**DIRECTIONS:** Don't include pictures. Quote the lines below from the first through the line that contains "个性创意学生补习日常大容量单肩麦当劳水豚帆布袋休闲百搭托特包".

[Records contained in a dataset]
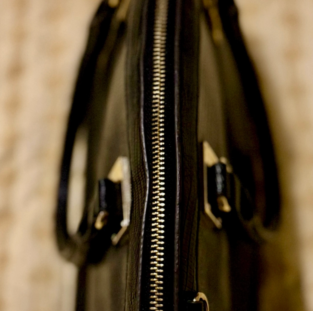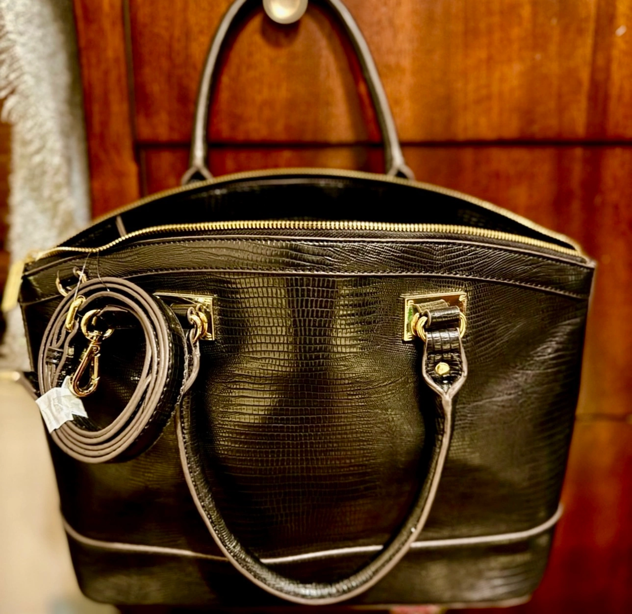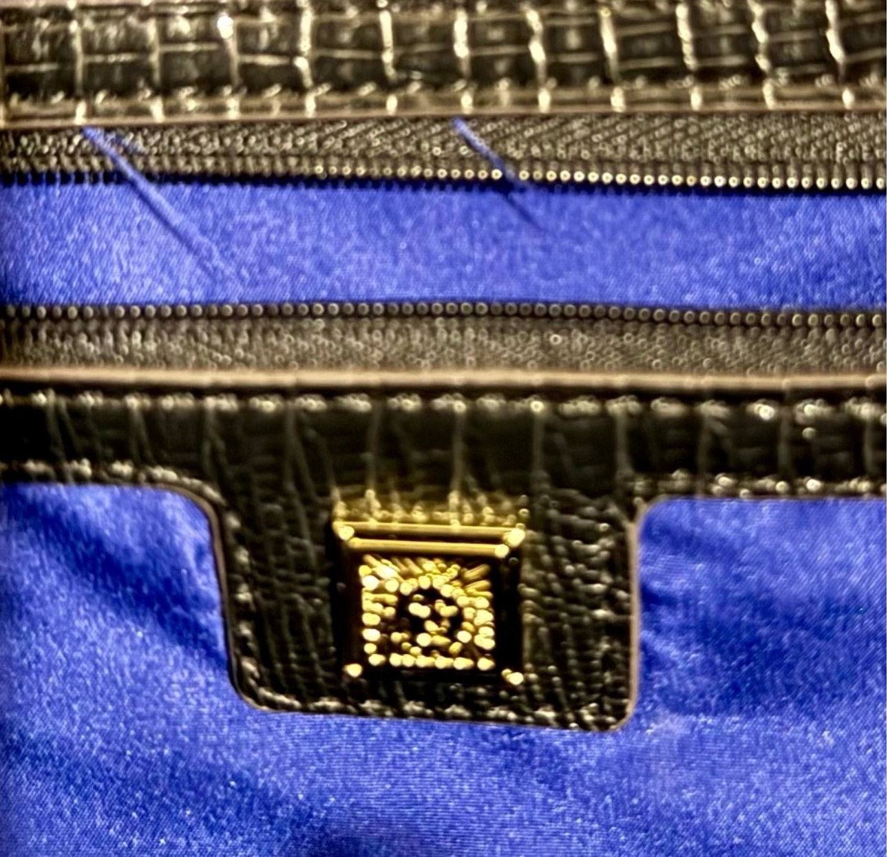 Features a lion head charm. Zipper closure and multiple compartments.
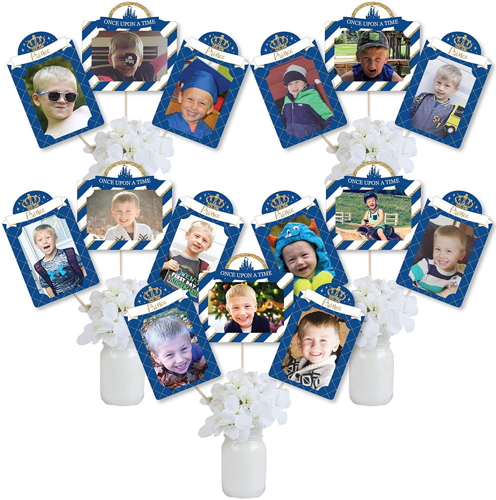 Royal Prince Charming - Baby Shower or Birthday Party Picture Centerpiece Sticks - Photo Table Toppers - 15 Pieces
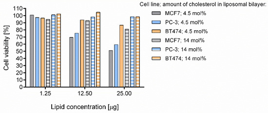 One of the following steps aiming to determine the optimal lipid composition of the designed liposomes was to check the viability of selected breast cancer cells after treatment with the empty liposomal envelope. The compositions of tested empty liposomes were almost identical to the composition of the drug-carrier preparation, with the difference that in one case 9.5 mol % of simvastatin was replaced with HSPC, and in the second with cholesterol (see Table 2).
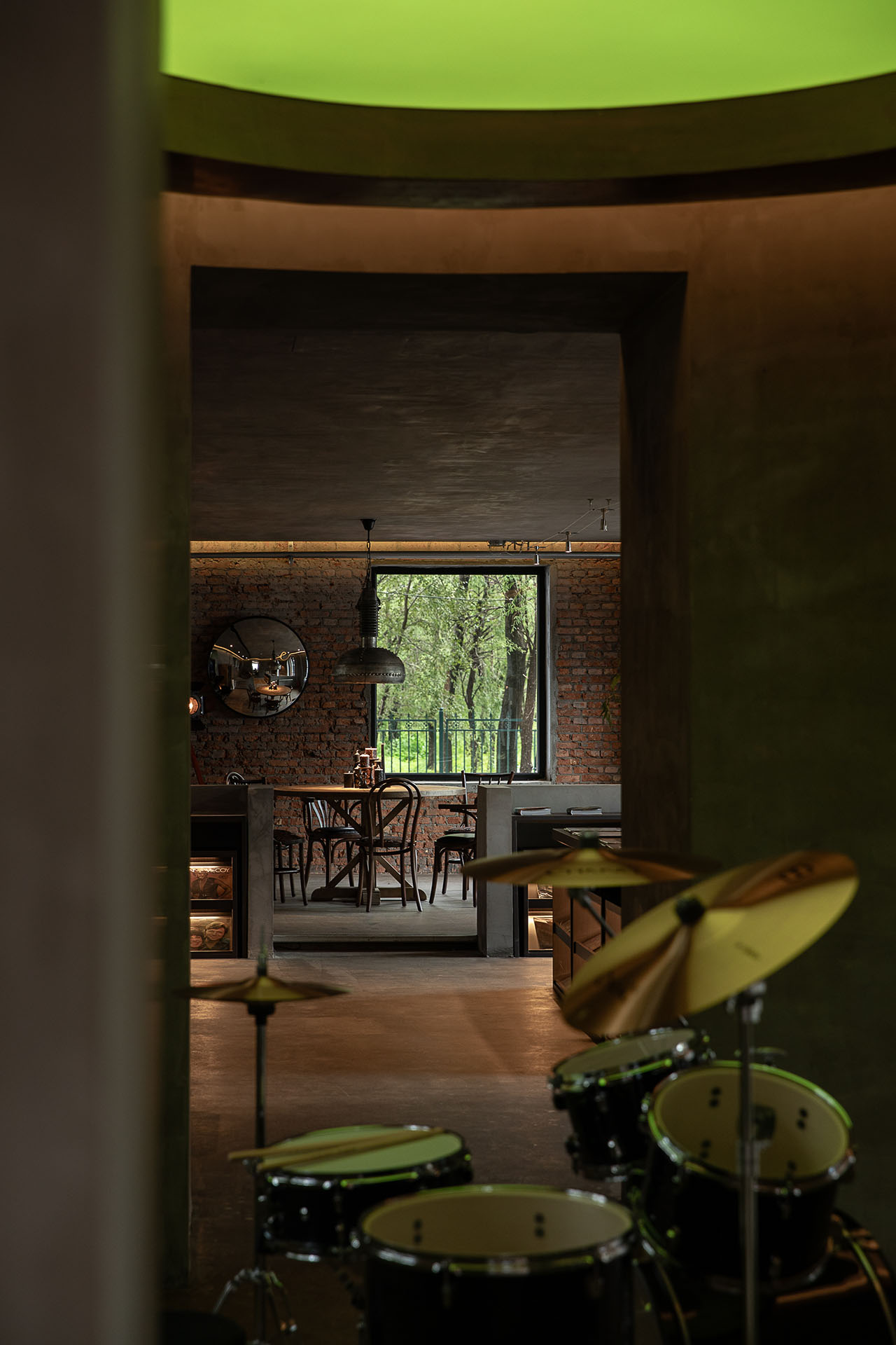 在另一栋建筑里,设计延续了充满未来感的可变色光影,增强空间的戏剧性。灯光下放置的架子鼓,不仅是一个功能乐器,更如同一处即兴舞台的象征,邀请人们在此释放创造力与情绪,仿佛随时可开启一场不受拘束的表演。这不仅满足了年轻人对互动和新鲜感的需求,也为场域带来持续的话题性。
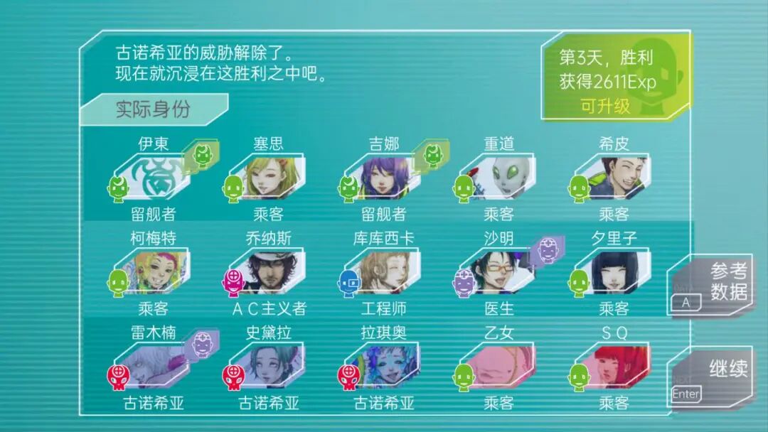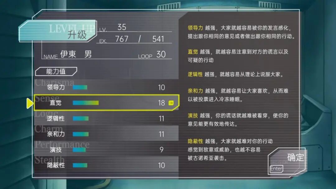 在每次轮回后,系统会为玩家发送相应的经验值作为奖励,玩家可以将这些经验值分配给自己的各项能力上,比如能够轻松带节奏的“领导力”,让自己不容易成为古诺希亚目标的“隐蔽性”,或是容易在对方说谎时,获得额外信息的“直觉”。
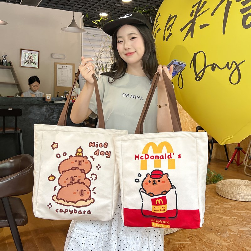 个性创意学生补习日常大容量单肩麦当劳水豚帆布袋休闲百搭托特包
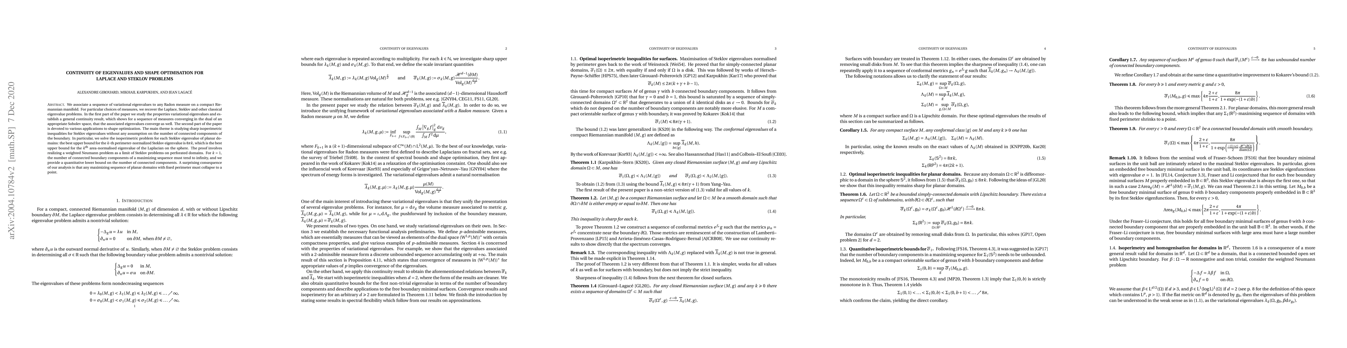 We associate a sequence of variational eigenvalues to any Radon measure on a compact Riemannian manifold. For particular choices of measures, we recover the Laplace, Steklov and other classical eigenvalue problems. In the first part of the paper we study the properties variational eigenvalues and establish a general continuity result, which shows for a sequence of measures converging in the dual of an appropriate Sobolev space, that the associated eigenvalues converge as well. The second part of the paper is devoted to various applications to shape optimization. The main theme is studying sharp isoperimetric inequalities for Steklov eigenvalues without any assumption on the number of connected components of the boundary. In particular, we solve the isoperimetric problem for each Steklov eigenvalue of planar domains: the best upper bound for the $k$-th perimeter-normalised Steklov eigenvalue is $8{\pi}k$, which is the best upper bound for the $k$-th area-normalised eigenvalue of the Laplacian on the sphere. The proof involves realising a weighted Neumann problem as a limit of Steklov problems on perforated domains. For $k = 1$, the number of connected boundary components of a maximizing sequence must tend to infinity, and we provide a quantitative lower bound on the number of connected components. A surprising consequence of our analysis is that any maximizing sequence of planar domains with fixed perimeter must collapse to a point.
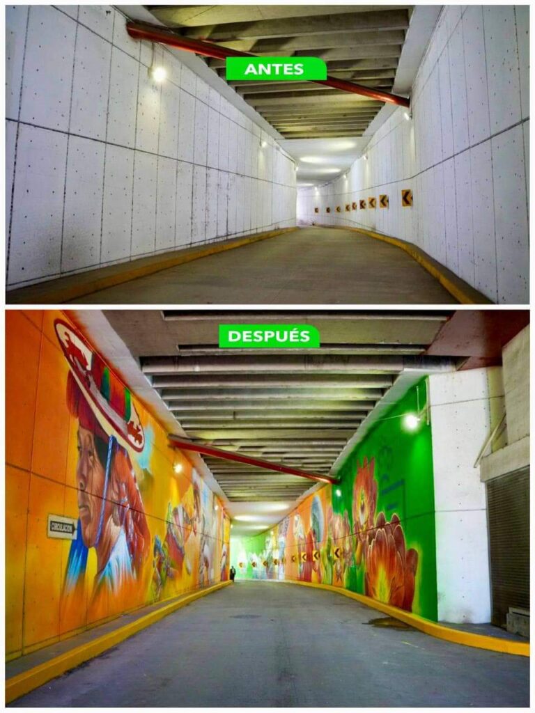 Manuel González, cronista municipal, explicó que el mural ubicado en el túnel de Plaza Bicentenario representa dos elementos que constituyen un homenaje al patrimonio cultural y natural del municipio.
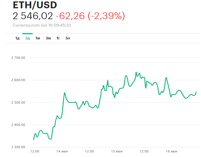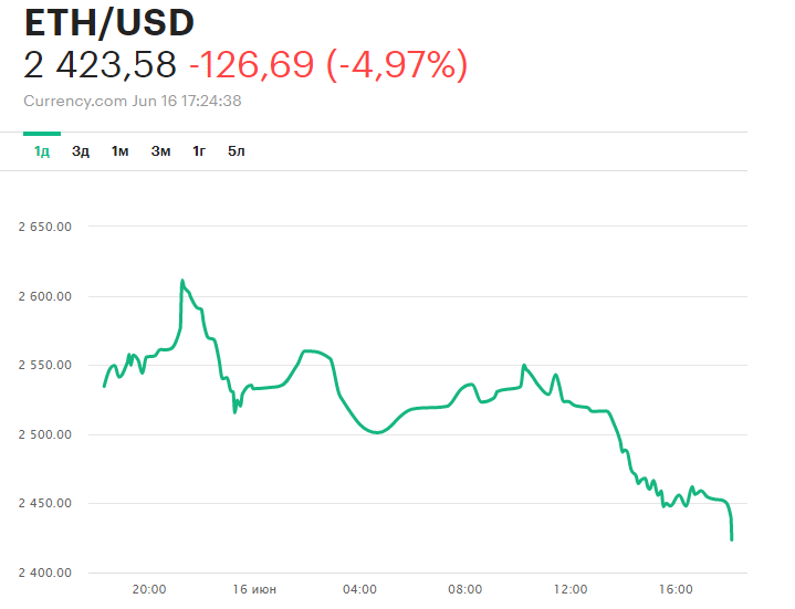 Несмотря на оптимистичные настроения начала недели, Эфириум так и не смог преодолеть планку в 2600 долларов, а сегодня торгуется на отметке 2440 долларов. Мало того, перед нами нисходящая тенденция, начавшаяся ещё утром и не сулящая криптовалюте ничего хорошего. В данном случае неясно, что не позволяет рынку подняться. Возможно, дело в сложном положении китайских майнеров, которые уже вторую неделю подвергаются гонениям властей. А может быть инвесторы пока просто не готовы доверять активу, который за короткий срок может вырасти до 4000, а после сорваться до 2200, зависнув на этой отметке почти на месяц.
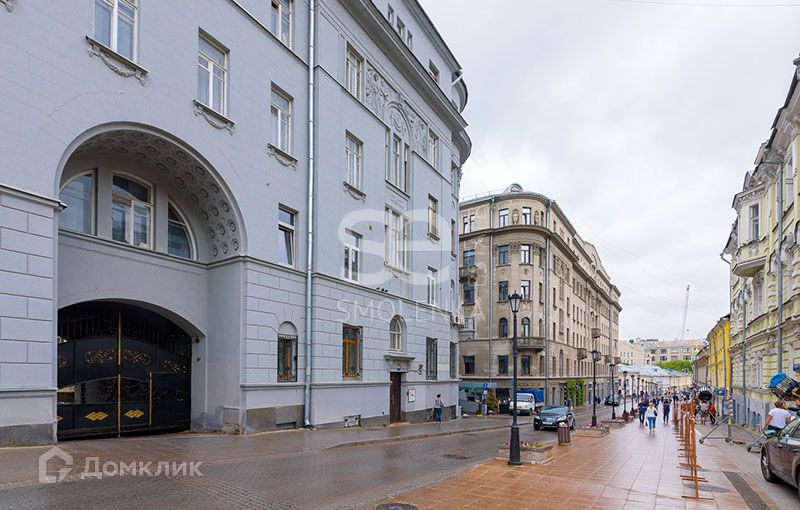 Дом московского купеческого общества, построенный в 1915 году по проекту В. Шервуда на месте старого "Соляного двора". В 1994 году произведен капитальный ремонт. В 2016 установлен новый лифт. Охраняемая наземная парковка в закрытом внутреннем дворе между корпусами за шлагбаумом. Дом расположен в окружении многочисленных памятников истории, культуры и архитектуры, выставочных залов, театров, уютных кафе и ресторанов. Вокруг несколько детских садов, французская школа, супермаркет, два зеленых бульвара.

**OUTPUT FOR THIS TASK:**
 Features a lion head charm. Zipper closure and multiple compartments.
 Royal Prince Charming - Baby Shower or Birthday Party Picture Centerpiece Sticks - Photo Table Toppers - 15 Pieces
 One of the following steps aiming to determine the optimal lipid composition of the designed liposomes was to check the viability of selected breast cancer cells after treatment with the empty liposomal envelope. The compositions of tested empty liposomes were almost identical to the composition of the drug-carrier preparation, with the difference that in one case 9.5 mol % of simvastatin was replaced with HSPC, and in the second with cholesterol (see Table 2).
 在另一栋建筑里,设计延续了充满未来感的可变色光影,增强空间的戏剧性。灯光下放置的架子鼓,不仅是一个功能乐器,更如同一处即兴舞台的象征,邀请人们在此释放创造力与情绪,仿佛随时可开启一场不受拘束的表演。这不仅满足了年轻人对互动和新鲜感的需求,也为场域带来持续的话题性。
 在每次轮回后,系统会为玩家发送相应的经验值作为奖励,玩家可以将这些经验值分配给自己的各项能力上,比如能够轻松带节奏的“领导力”,让自己不容易成为古诺希亚目标的“隐蔽性”,或是容易在对方说谎时,获得额外信息的“直觉”。
 个性创意学生补习日常大容量单肩麦当劳水豚帆布袋休闲百搭托特包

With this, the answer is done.